Lab: PLACEHOLDER Exploring Function Transformations

Objective

Discover how different parameters transform the graphs of functions through systematic exploration and pattern recognition.

Materials Needed

Graphing calculator or computer with graphing software
Graph paper
Colored pencils or pens

Part 1: The Parent Function

Time: 10 minutes

Start with the parent function $f(x) = x^2$ .
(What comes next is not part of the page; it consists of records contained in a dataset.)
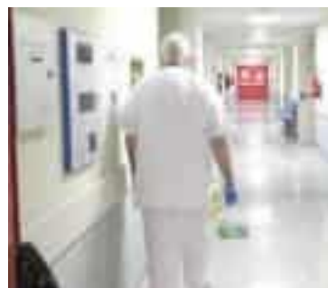
Il San Bartolomeo di Sarzana

«Ho apprezzato molto la convergenza che si è trovata per una materia tanto importante per ciascuno di noi»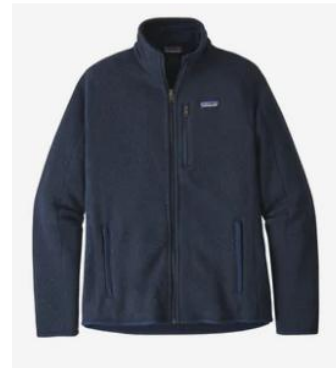
Gambar 12. Jaket dari daur ulang plastik

Patagonia telah berhasil membuat sebuah jaket yang terbuat dari recycling polyester . Material polyester ini dipintal dari botol plastik minuman soda yang diperoleh dari sampah hasil konsumsi masyarakat. Mereka mengklaim bahwa 84% dari produk mereka adalah hasil daur ulang plastik.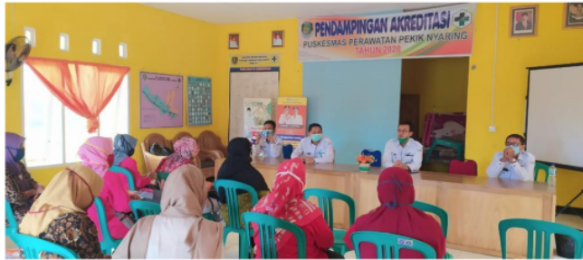
Gambar 4. Persiapan kegiatan Survey Jentik

Pada tanggal 10 September 2020 dilaksanakannya kegiatan survei jentik di wilayah puskesmas Pekik Nyaring yang diikuti oleh seluruh tim pengabmas, mahasiswa dan kader. Pada kegiatan tersebut dilakukan pemberdayaan kader yang sudah dilatih untuk survei awal jumlah jentik di salah satu desa yang paling banyak kasus DBD.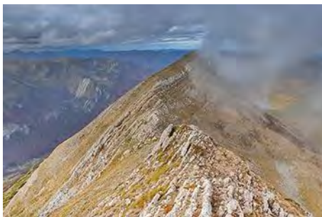
En la cresta. Vistas al Noroeste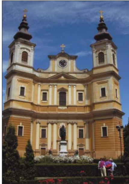
A székesegyház (Basilica minor) 1780-ban szentelték fel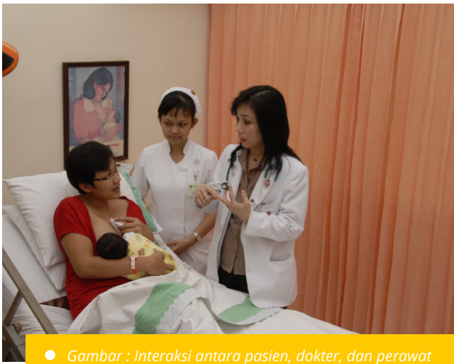
● Gambar : Interaksi antara pasien, dokter, dan perawat

The first good impression yang dapat dilihat dari seorang bidan selain penampilan adalah bagaimana cara berkomunikasi. Di era globalisasi bidan diharapkan mampu menguasai dunia dengan kemampuan berbahasa Inggris. Saat ini sudah kita lihat dengan banyaknya orang luar negeri datang ke Indonesia diharapkan bidan dapat memberikan pelayanan dengan meningkatkan kemampuan berbahasa Inggris.

Graph $f(x) = x^2$ and record key features:
- Vertex: ______
- Axis of symmetry: ______
- Direction of opening: ______
Create a data table with at least 7 points:

x	-3	-2	-1	0	1	2	3
f(x)

Part 2: Vertical Transformations

Time: 15 minutes

Investigation A: Adding Constants

Graph these functions on the same coordinate system:

$g_1(x) = x^2 + 3$
$g_2(x) = x^2 - 2$
$g_3(x) = x^2 + 5$

Observations:

How do these graphs compare to $f(x) = x^2$ ?
What happens to the vertex of each function?
Make a conjecture: If $h(x) = x^2 + k$ , what happens when:
- $k > 0$ ? ________________
- $k < 0$ ? ________________

Investigation B: Multiplying by Constants

Graph these functions:

$p_1(x) = 2x^2$
$p_2(x) = \frac{1}{2}x^2$
$p_3(x) = -x^2$

Observations:

How does the shape change when you multiply by a number greater than 1?
What happens when you multiply by a number between 0 and 1?
What happens when you multiply by a negative number?
Make a conjecture: For $j(x) = ax^2$ , what effect does $a$ have?

Part 3: Horizontal Transformations

Time: 15 minutes

Investigation C: Inside the Function

Graph these functions:

$r_1(x) = (x - 2)^2$
$r_2(x) = (x + 3)^2$
$r_3(x) = (x - 1)^2$

Observations:

Where is the vertex of each function?
Counterintuitive discovery: When we have $(x - 2)^2$ , which direction does the graph move?
Make a conjecture: For $s(x) = (x - h)^2$ , what happens when:
- $h > 0$ ? ________________
- $h < 0$ ? ________________

Part 4: Combining Transformations

Time: 10-15 minutes

Now let's combine what we've learned!

Challenge Problems

For each function, predict the transformations before graphing:

4.1 $f(x) = 2(x - 1)^2 + 3$

Prediction: ________________________________
After graphing: ____________________________

4.2 $g(x) = -\frac{1}{2}(x + 2)^2 - 1$

Prediction: ________________________________
After graphing: ____________________________

4.3 Design your own function with these transformations:

Reflected over x-axis
Moved right 4 units
Moved up 2 units
Vertically compressed by factor of $\frac{1}{3}$

Your function: $h(x) = $ _______________________

Part 5: Real-World Application

Time: 5 minutes

A basketball follows the path $h(t) = -16(t - 1.5)^2 + 36$ , where $h$ is height in feet and $t$ is time in seconds.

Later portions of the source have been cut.